We want to get paid for taking the extra risk. That's pretty reasonable.
On the other hand, here's the strange part:
Prospect theory suggests that people react differently to equivalent situations depending on whether it's presented as a gain or a loss.
Individuals get more stressed out by prospective losses than they are happy by equal gains.
Sounds silly, but it is definitely true!
You will never hear an investment advisor tell you that he/she got flooded with calls because he/she reported, say, a 100,000 rupee gain in a client's portfolio.
But, you can bet that phone will ring when a similar report posts a 1,000 rupee loss! A small loss always appears larger than a gain of a larger size.
It's funny how when it goes deep into our pockets, the whole perspective changes.
How many times have you held onto a losing stock because you could not bring yourself to sell it at a loss? People end up taking more risks to avoid losses than to realize gains.
Gamblers on a losing streak behave in a similar fashion, doubling up bets to try and recoup what they have already lost.
By having the following misconception, "I know the stock price will bounce back, then I will sell it," investors pile on more risk to avoid realizing a loss.
If these seem like inconsistent attitudes toward risk, well, they are.

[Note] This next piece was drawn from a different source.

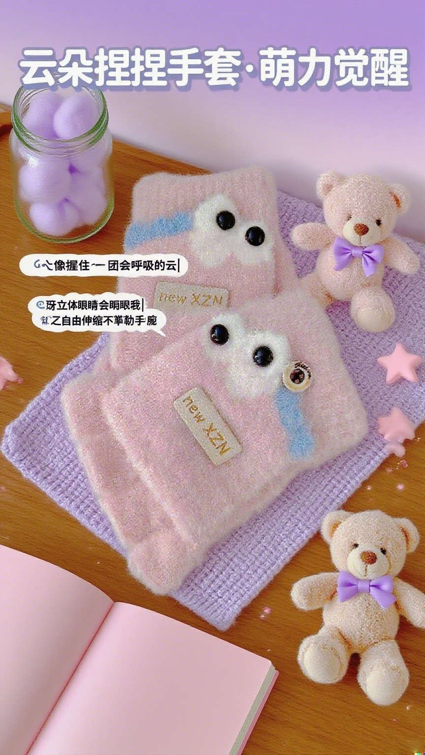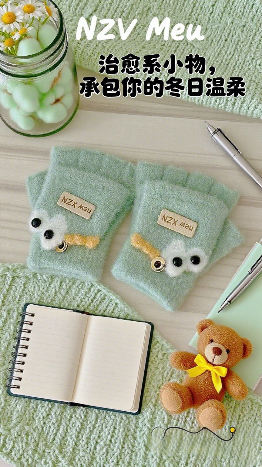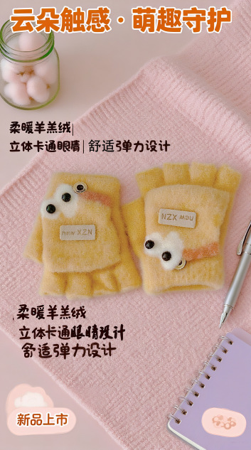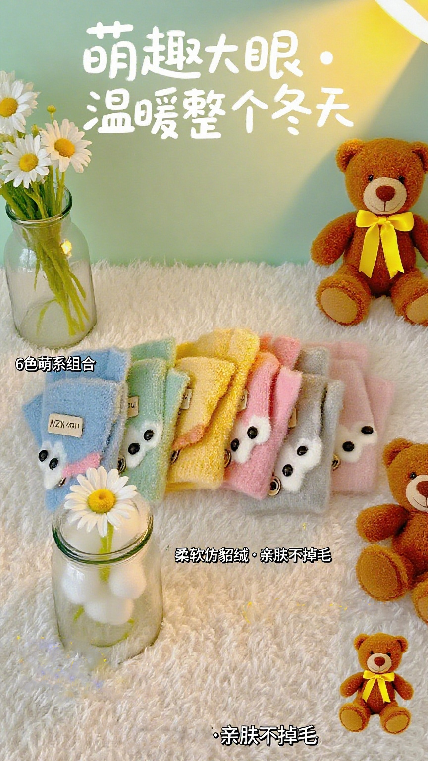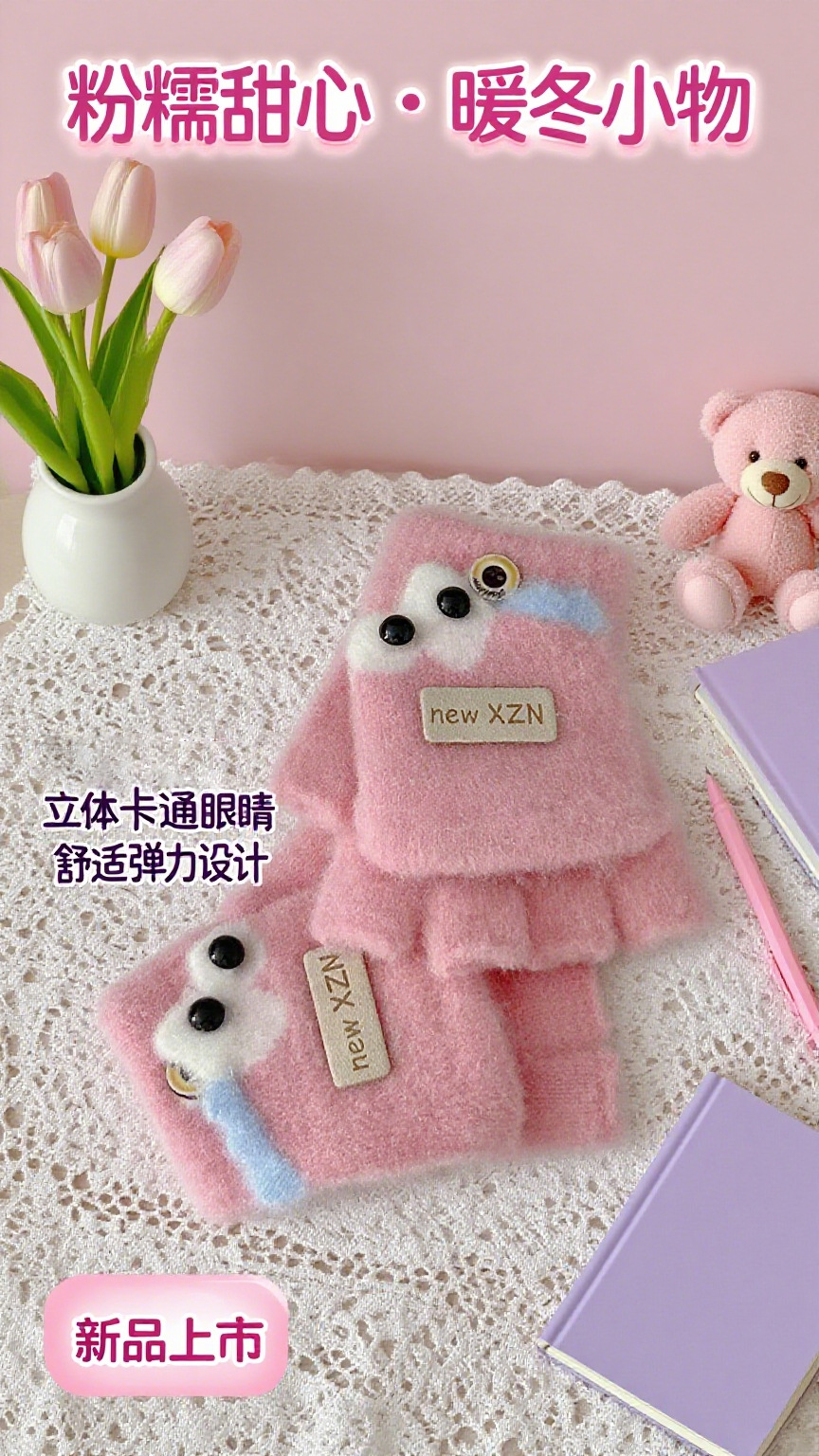 【云朵触感暖冬小物❗️柔暖羊羔绒亲肤材质】婴儿手套冬季保暖厚半指男女宝宝露指翻盖1幼儿3岁小孩可爱儿童。ja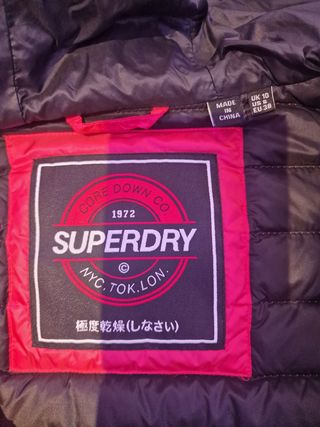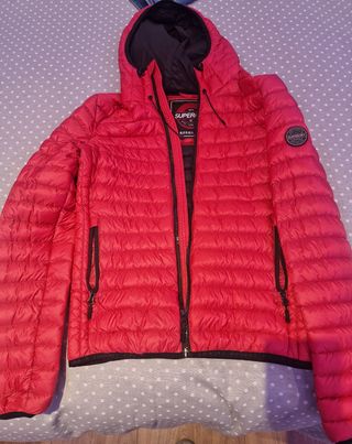 En perfecto estado! Casi nuevo! Apenas usado un par de veces. Chaquetón acolchado tipo plumas de Superdry. Muy ligero y abrigado. Talla S. Color coral oscuro con interior y filos en negro. Logo de la marca en goma, en manga izquierda.

What we find are people set a higher price on something they own than they would normally be prepared to pay.
An alternative to the loss aversion theory is that investors might choose to hold their losers and sell their winners because they believe that today's losers may soon outperform today's winners.
Investors often make the mistake of chasing the action by investing in stocks or funds that receive the most attention.
In support of this notion, research shows that money flows in more rapidly to investments that have performed extremely well than flows out of from investments that have performed poorly.
The Regret Theory
"Fear of Regret" or "Regret Theory" deals with the emotional reaction people experience after making what they think is an error of judgment.
Investors become emotionally affected by their original purchase price of a stock when they are going to sell it.
So, they avoid selling the stock in order to avoid the regret of having made a bad investment and the embarrassment of reporting a loss.
It's Simple, We all Hate to Be Wrong, Don't We?
What investors should really ask themselves when faced with a similar situation is:
"What are the consequences of repeating the same mistake and if this security was already liquid, would I invest in it again?" Chances are that you would not.
Regret theory also holds true for investors who did not buy a stock they had previously considered and which subsequently went up in value. By following the conventional wisdom, some investors avoid the possibility of feeling regret by rationalizing their decision with everyone else is doing it.
Although it does not make much sense, some feel it's much less embarrassing when you lose money on a popular stock that half the world owns it. On the flip side, losing on an unknown or unpopular stock is a little harder to swallow.